What makes Antigua so pretty is the buildings. This is the first place we’ve seen in Central America that reminds us of southern Spain: cobblestone streets (a beast to drive on but lovely to look at), low buildings stuccoed and painted white or earth tones (mustard yellow, ocher, brick red), with clay tile roofs, wooden doors and eaves, and decorative iron grilles over the windows. The fancier houses open inward, Moorish-style, to courtyards with fountains and flowers and covered walkways on all sides, like cloisters, where the inhabitants could live and work out of the sun but in the open air.
Amid all of the old Spanish feeling are unexpected Baroque touches. Turn a corner and you’ll find the ruined facade of a Baroque church rising high above the houses and shops around it. For some reason, although most of Antigua’s residential structures have been lovingly restored, many of its 17th- and 18th-century churches and convents are still in ruins. Some of the churches that have been preserved are painted bright yellow with white plaster trim, making them look like elaborately iced lemon cakes.

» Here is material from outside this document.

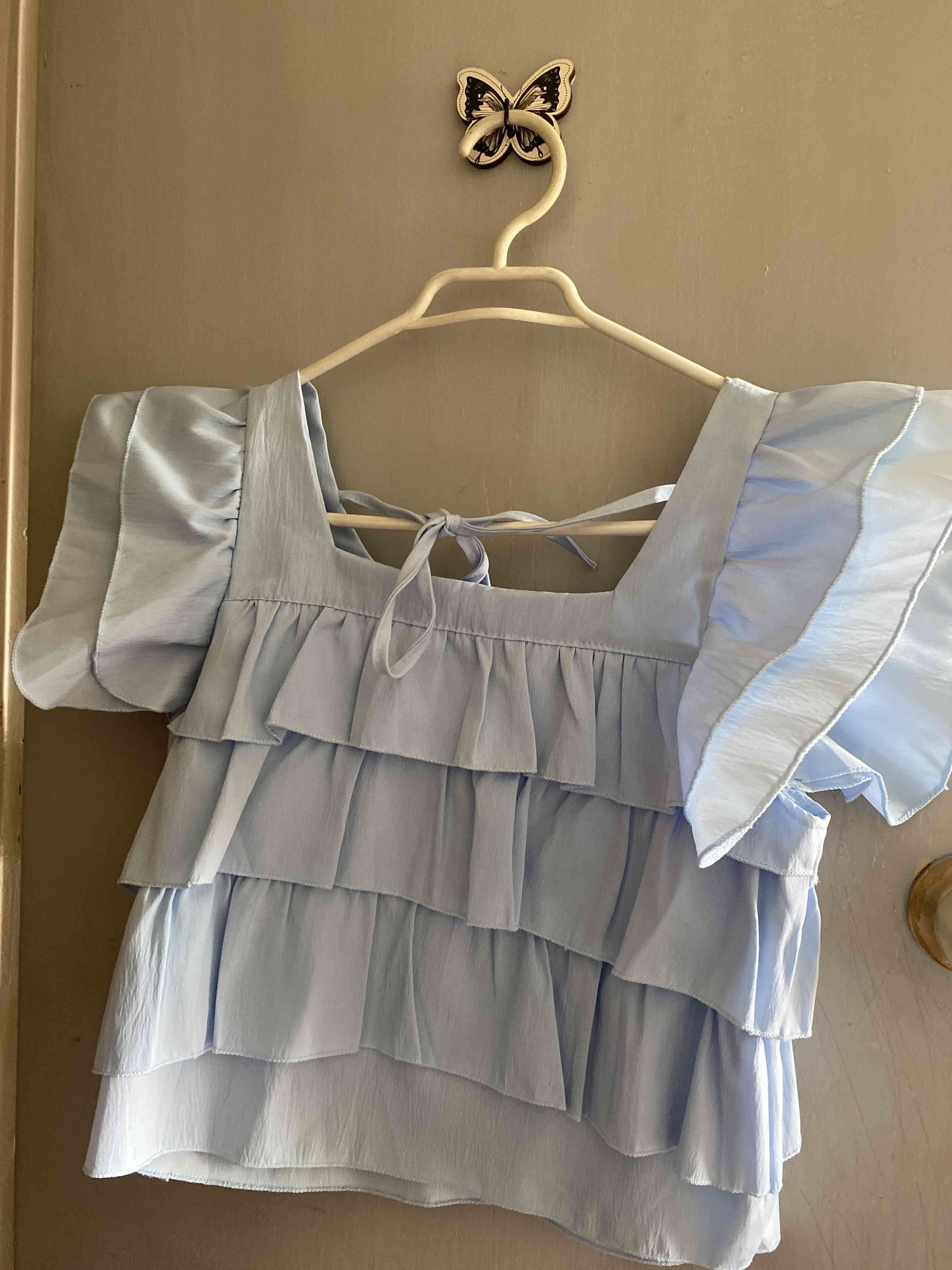 Blusa ligera de color celeste con detalles de volantes. Perfecta para un look veraniego y elegante.

As it that weren’t picturesque enough, Antiqua is currently draped in purple bunting for Lent. The 40 days leading up to Easter are a big deal in this town. Every weekend, parish churches host religious processions through the downtown streets—brass bands, marchers in purple Arab-style robes, immense amounts of incense, and floats with ornately dressed statues of Jesus and the Virgin Mary carried on parishoners’ shoulders like huge coffins. These processions are much less solemn affairs than the Easter processions we saw in Spain last year. Here, the local spectators chatter while the floats go by, marchers sport backpacks and talk on cell phones as they walk, and legions of balloon sellers bring up the rear of the
parade (followed by the garbage truck and a half-dozen men with brooms). But what they lack in solemnity, the processions make up in colorful cultural spectacle. A special twist here is the elaborate carpets of colored sawdust, flowers, and fruit that people construct as offerings in the path of the processions. Hours and hours of painstaking work to make something that will be obliterated by the marchers’ feet in minutes. Like a Tibetan sand painting, the glory is in the creating of them.

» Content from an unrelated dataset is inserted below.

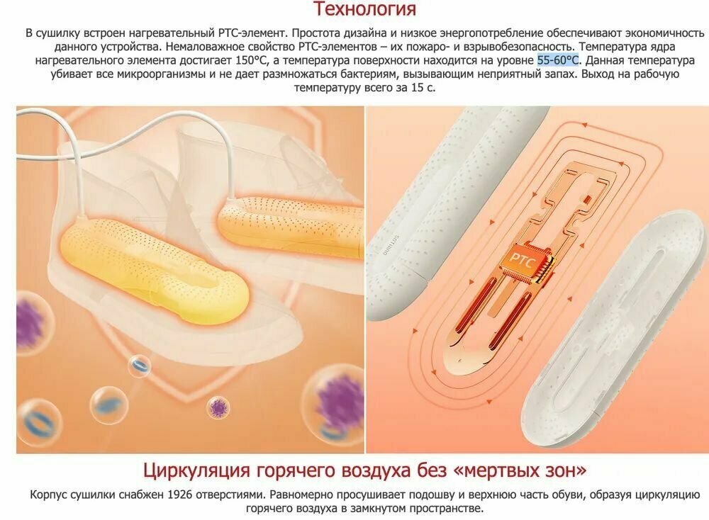 Распространение тепла на 360°; сушка обуви при постоянной температуре; безопасный нагревательный элемент; керамические нагреватели достигают температуры до 150 градусов, при этом на поверхности поддерживаются постоянные 55 градусов; для лучшего распределения тепла поверхность вкладышей перфорирована; таймер на 3, 6 или 9 часов; долговечный огнестойкий пластик ABS UL94 VO; номинальная частота: 250-50 Гц;

We arrived in Antigua for the first time after a day-long series of bus rides through villages of dry adobe or new cinder-block houses, dusty rutted roads, and remote hills. Emerging at last into this flat, tidy, manicured, historical town with its drop-dead views, posh shops, and diverse restaurants was a shock. As Melissa put it, you could plunk Antigua down anywhere in Europe and it would be a beautiful city. Here in Central America, it feels like a mirage.